Мокси выглянула в окно. Они ехали на север по дороге 41.
— Куда держим путь?
— Пора пообедать.
— Что будем делать с суперзвездой на заднем сидении?
— Возьмем с собой.
— Ты никогда не видел зрелища «Фредди в ресторане»?
— Нет.
— Люди ахают и падают со стульев. Посылают бутылки на наш столик. Выстраиваются в очередь, чтобы пожать ему руку и перемолвиться с ним несколькими словами. До них, похоже, не доходит, что он и так пьян. Я называю это Общественным движением за убийство Фредерика Муни.
— Он все еще жив.
— Как меня это раздражало, когда я была маленькой. Публичная похвала пьянству. Где ты его нашел?
— На веранде какого-то бара. Декламировал один из монологов короля Лира. В реве дождя и сверкании молний. Незабываемое впечатление.

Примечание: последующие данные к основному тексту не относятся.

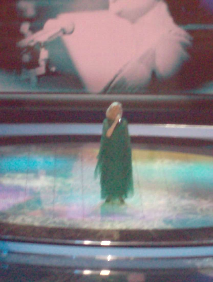 Festival RTP da Canção 2010 2nd semifinal
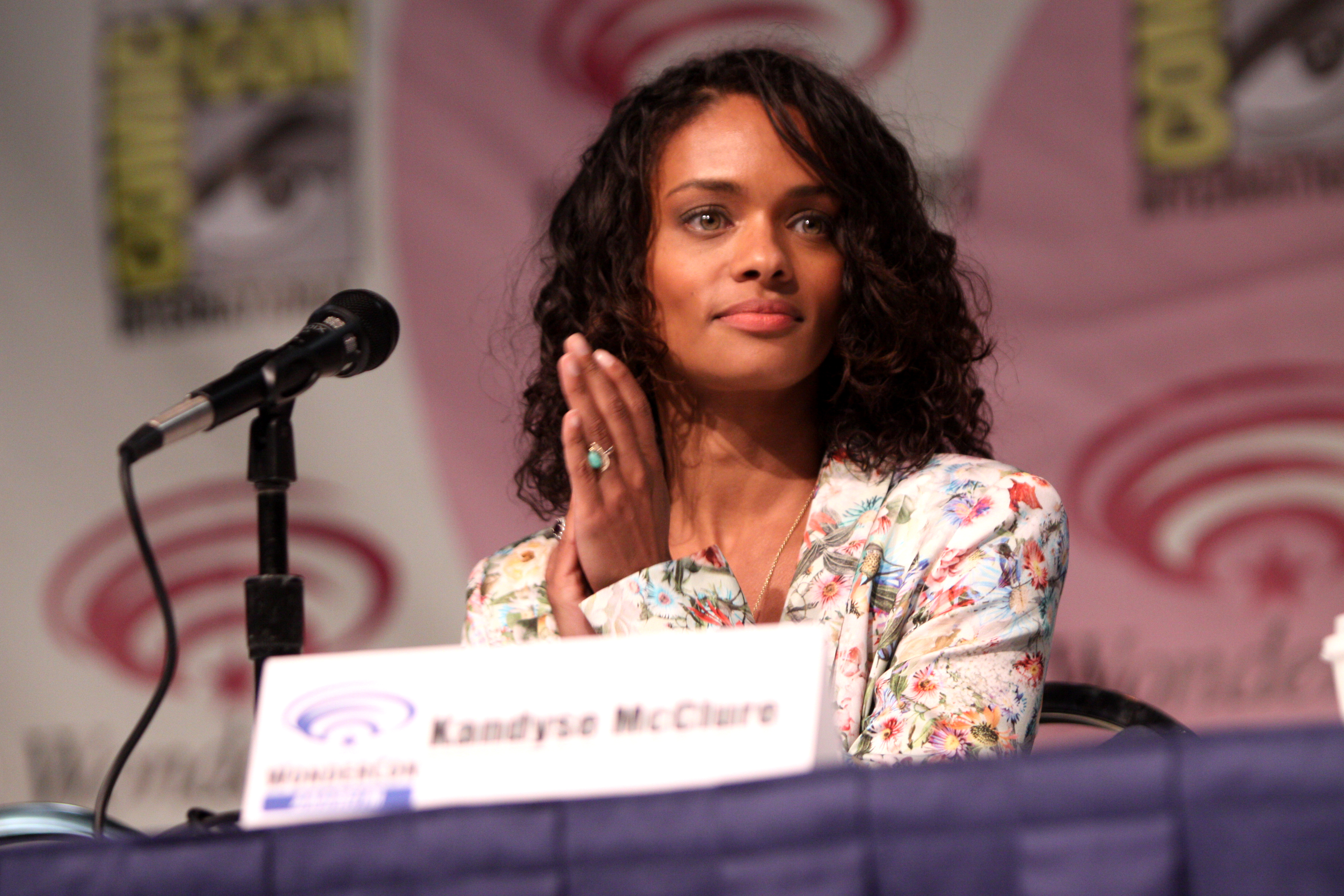 Kandyse McClure at the 2013 WonderCon
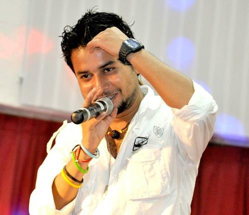 Picture Sugam Pokharel
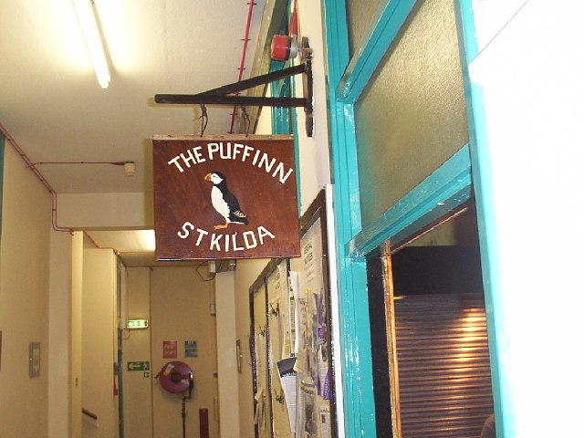 'Puff Inn' sign, St Kilda Possibly unique - an indoor pub sign! At the time of writing, this and other buildings on St Kilda owned by the Qinetiq company are off-limits to visitors. For more details

— Декламировать он любит, — Мокси снова повернулась к отцу, похлопала его по колену. — Ладно, О-би, едем обедать.
Муни согласно кивнул.
— Чертовски серьезное дело. Я говорил Флетчеру.
Мокси покачала головой и отвернулась от отца как раз перед тем, как они проехали щит с надписью «Дорога 41».
— Ox уж эта дорога 41! — воскликнула Мокси. — Только и делаю, что езжу по ней. Иногда мне кажется, что вся моя жизнь прошла на дороге 41. Вперед-назад, туда-обратно. Из Вандербилт-Бич в Бонита-Бич. Из Бонита-Бич в Вандербилт-Бич. Нелегко дается хлеб насущный работающей девушке.
— А что это за автокатасрофа? — спросил Флетч.
— Ты знаешь об этом?
— Слышал, как какой-то репортер спросил тебя о ней.
— Не думаю, что она как-то связана с этим. Я хочу сказать, имеет отношение к смерти Стива. В нее попала жена Джеффри Маккензи.
— Знакомое имя. Джеффри Маккензи?
— Австралийский режиссер, — Мокси зевнула. — Очень хороший австралийский режиссер. Возможно, лучший в мире режиссер. Снял три фильма. Не думаю, чтобы их широко показывали где-либо за пределами Австралии. Я видела все три. Великолепные фильмы. Он умеет раскрыть героя, его характер. Чувственность. Знаешь ли, главное тут — чувство времени, дать герою открыться на мгновение, долю секунды, может, даже сделать что-то противоестественное… ты понимаешь, что я хочу сказать?
— Нет.
— Неужели? Ну, да ладно. Короче, я надеялась, что он будет режиссером «Безумия летней ночи». Я думала, что так оно и будет. Он приехал в Америку, чтобы поставить этот фильм.
— Но режиссер не он.
— Нет. Сай Коллер. Хороший человек, профессионал.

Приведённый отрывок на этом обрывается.